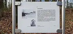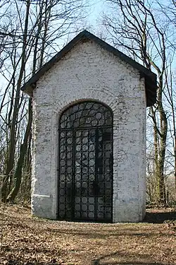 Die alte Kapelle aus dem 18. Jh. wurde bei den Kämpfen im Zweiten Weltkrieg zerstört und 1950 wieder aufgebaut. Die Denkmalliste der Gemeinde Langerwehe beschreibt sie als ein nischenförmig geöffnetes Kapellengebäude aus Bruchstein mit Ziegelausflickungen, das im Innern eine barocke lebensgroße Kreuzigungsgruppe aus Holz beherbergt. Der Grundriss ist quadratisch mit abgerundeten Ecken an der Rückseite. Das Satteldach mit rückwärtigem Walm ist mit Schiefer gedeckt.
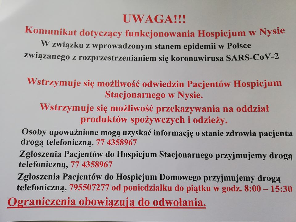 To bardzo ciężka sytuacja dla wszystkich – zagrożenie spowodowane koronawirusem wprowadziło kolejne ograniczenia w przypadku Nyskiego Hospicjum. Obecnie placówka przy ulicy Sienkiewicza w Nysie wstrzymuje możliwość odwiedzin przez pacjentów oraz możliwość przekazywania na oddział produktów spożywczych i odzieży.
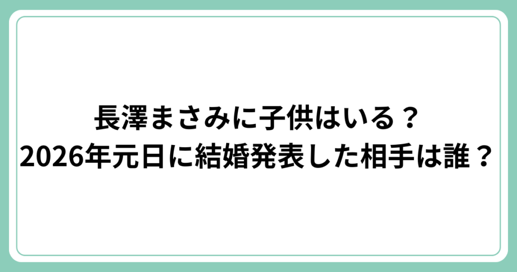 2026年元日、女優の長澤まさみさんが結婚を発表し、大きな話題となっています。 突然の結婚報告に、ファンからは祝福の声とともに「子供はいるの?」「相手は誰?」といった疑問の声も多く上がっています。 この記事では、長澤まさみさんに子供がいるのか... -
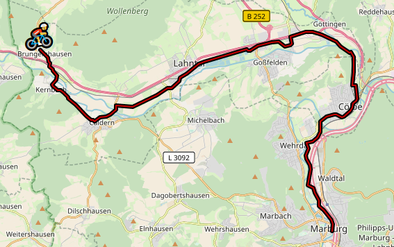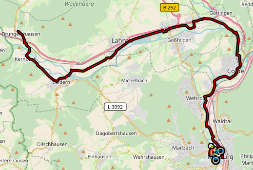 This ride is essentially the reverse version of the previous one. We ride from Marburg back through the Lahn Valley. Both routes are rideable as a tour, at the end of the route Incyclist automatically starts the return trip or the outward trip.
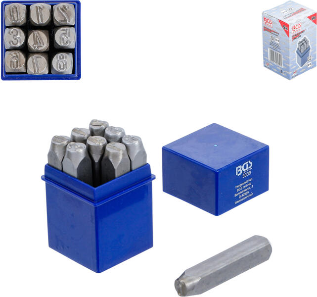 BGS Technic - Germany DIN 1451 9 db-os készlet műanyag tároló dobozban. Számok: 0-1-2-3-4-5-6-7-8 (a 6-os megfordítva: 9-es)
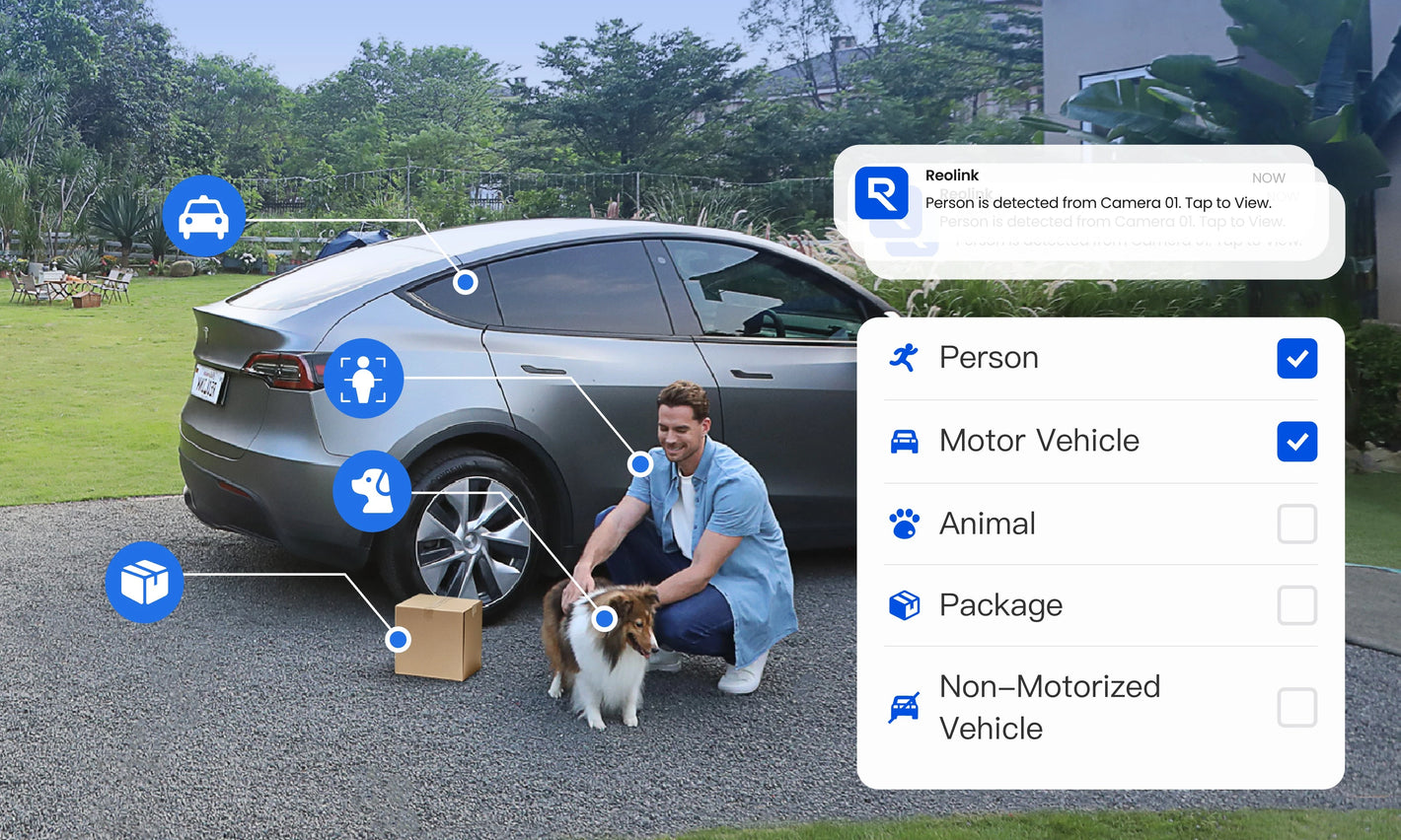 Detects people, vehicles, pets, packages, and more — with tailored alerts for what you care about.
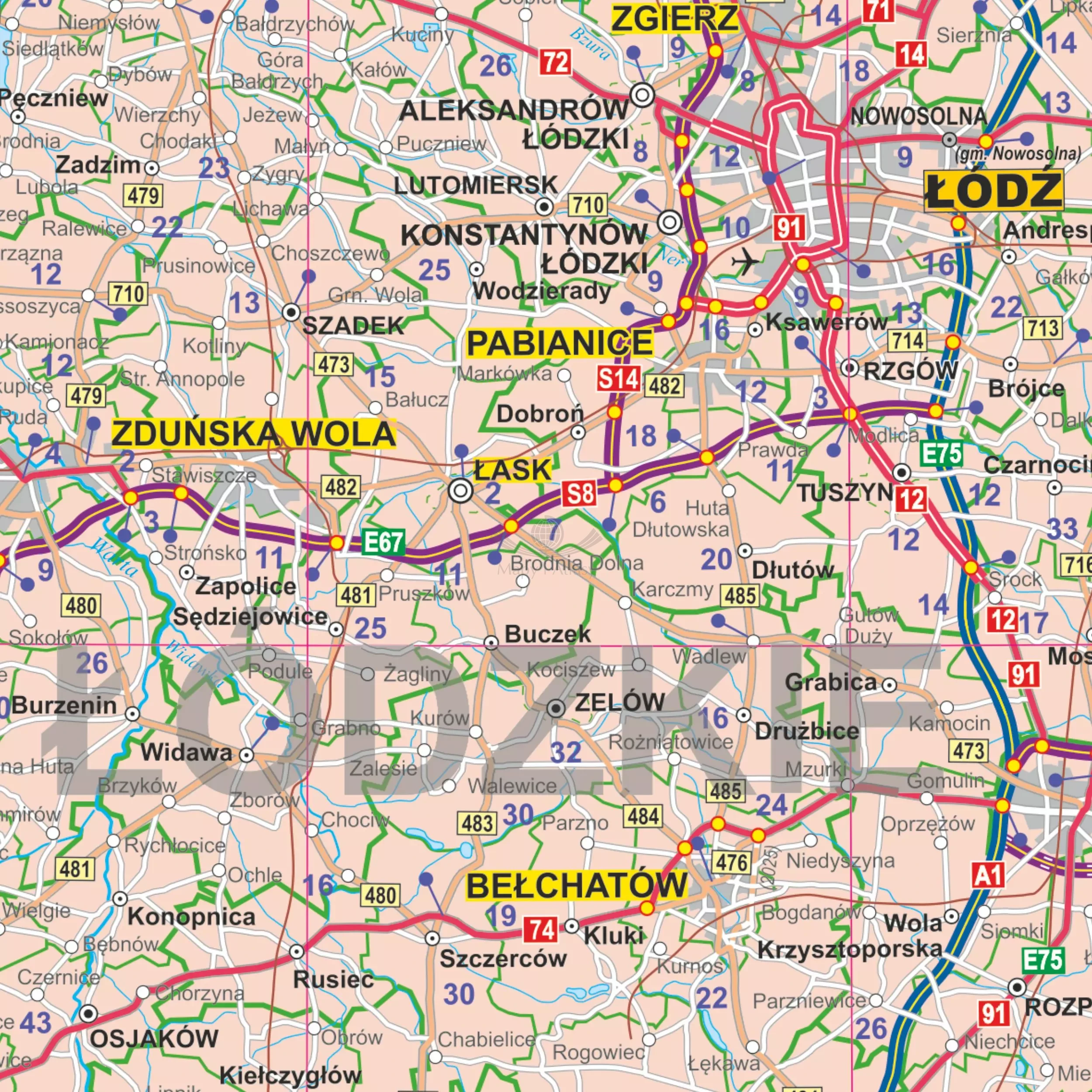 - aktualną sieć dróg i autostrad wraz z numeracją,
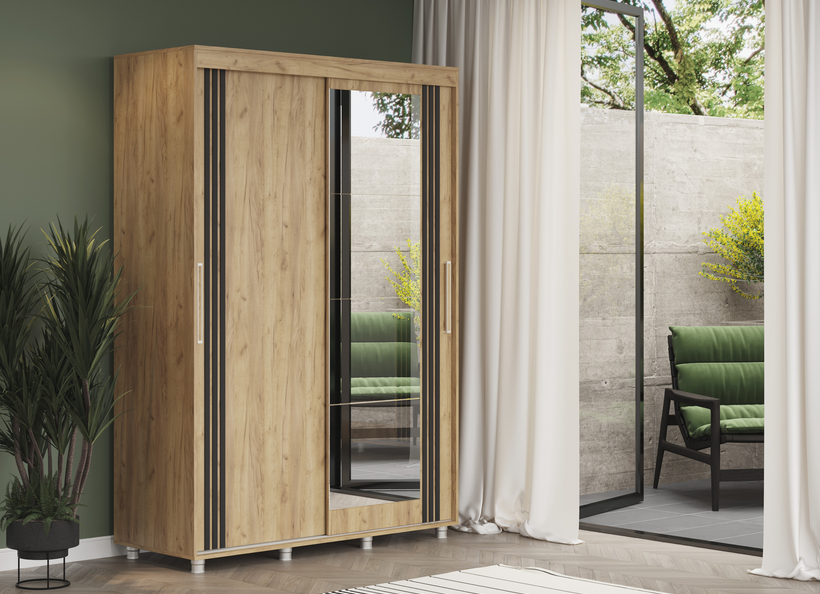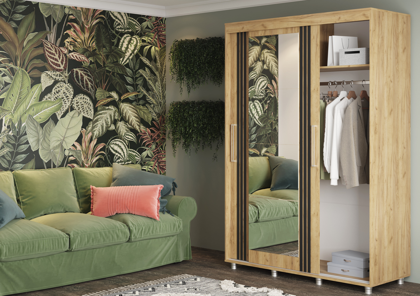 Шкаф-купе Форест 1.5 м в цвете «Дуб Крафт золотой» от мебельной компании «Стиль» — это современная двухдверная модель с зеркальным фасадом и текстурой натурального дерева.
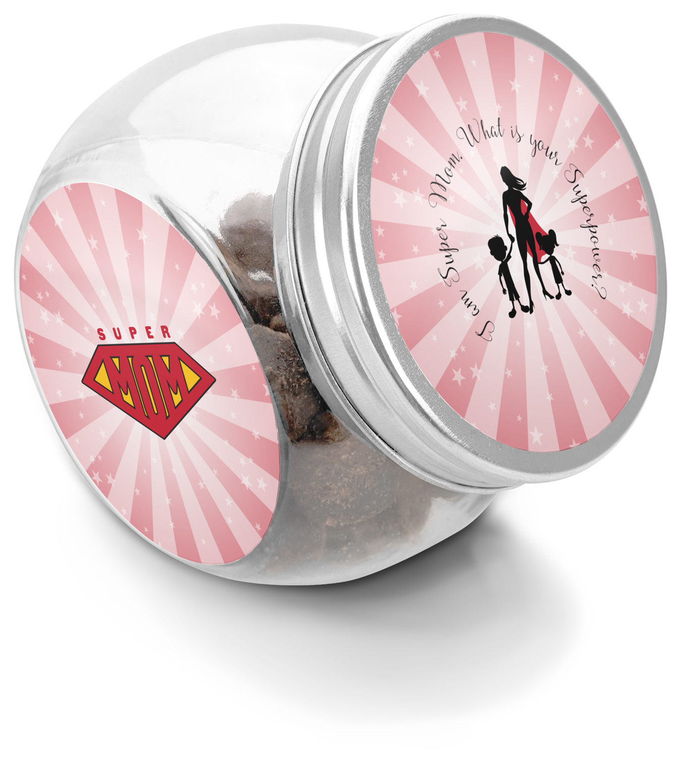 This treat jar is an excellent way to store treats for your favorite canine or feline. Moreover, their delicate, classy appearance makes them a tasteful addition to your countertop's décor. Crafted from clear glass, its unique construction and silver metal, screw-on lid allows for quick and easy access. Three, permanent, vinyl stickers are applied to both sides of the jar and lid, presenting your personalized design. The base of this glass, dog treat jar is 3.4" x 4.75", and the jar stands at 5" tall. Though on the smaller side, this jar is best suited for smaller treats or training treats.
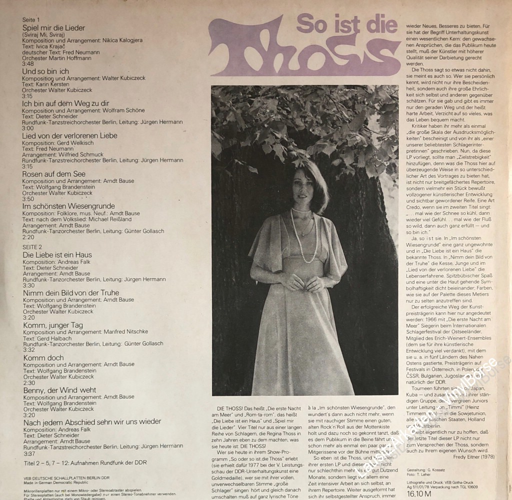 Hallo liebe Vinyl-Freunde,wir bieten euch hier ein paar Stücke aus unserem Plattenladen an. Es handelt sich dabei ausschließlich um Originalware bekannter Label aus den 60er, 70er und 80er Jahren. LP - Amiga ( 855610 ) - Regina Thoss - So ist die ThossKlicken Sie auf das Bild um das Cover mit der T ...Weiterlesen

■ **WHAT TO DO**
Would you restate all of the data above word for word, omitting the pictures?

■ **REPLY**
 Die alte Kapelle aus dem 18. Jh. wurde bei den Kämpfen im Zweiten Weltkrieg zerstört und 1950 wieder aufgebaut. Die Denkmalliste der Gemeinde Langerwehe beschreibt sie als ein nischenförmig geöffnetes Kapellengebäude aus Bruchstein mit Ziegelausflickungen, das im Innern eine barocke lebensgroße Kreuzigungsgruppe aus Holz beherbergt. Der Grundriss ist quadratisch mit abgerundeten Ecken an der Rückseite. Das Satteldach mit rückwärtigem Walm ist mit Schiefer gedeckt.
 To bardzo ciężka sytuacja dla wszystkich – zagrożenie spowodowane koronawirusem wprowadziło kolejne ograniczenia w przypadku Nyskiego Hospicjum. Obecnie placówka przy ulicy Sienkiewicza w Nysie wstrzymuje możliwość odwiedzin przez pacjentów oraz możliwość przekazywania na oddział produktów spożywczych i odzieży.
 2026年元日、女優の長澤まさみさんが結婚を発表し、大きな話題となっています。 突然の結婚報告に、ファンからは祝福の声とともに「子供はいるの?」「相手は誰?」といった疑問の声も多く上がっています。 この記事では、長澤まさみさんに子供がいるのか... -
 This ride is essentially the reverse version of the previous one. We ride from Marburg back through the Lahn Valley. Both routes are rideable as a tour, at the end of the route Incyclist automatically starts the return trip or the outward trip.
 BGS Technic - Germany DIN 1451 9 db-os készlet műanyag tároló dobozban. Számok: 0-1-2-3-4-5-6-7-8 (a 6-os megfordítva: 9-es)
 Detects people, vehicles, pets, packages, and more — with tailored alerts for what you care about.
 - aktualną sieć dróg i autostrad wraz z numeracją,
 Шкаф-купе Форест 1.5 м в цвете «Дуб Крафт золотой» от мебельной компании «Стиль» — это современная двухдверная модель с зеркальным фасадом и текстурой натурального дерева.
 This treat jar is an excellent way to store treats for your favorite canine or feline. Moreover, their delicate, classy appearance makes them a tasteful addition to your countertop's décor. Crafted from clear glass, its unique construction and silver metal, screw-on lid allows for quick and easy access. Three, permanent, vinyl stickers are applied to both sides of the jar and lid, presenting your personalized design. The base of this glass, dog treat jar is 3.4" x 4.75", and the jar stands at 5" tall. Though on the smaller side, this jar is best suited for smaller treats or training treats.
 Hallo liebe Vinyl-Freunde,wir bieten euch hier ein paar Stücke aus unserem Plattenladen an. Es handelt sich dabei ausschließlich um Originalware bekannter Label aus den 60er, 70er und 80er Jahren. LP - Amiga ( 855610 ) - Regina Thoss - So ist die ThossKlicken Sie auf das Bild um das Cover mit der T ...Weiterlesen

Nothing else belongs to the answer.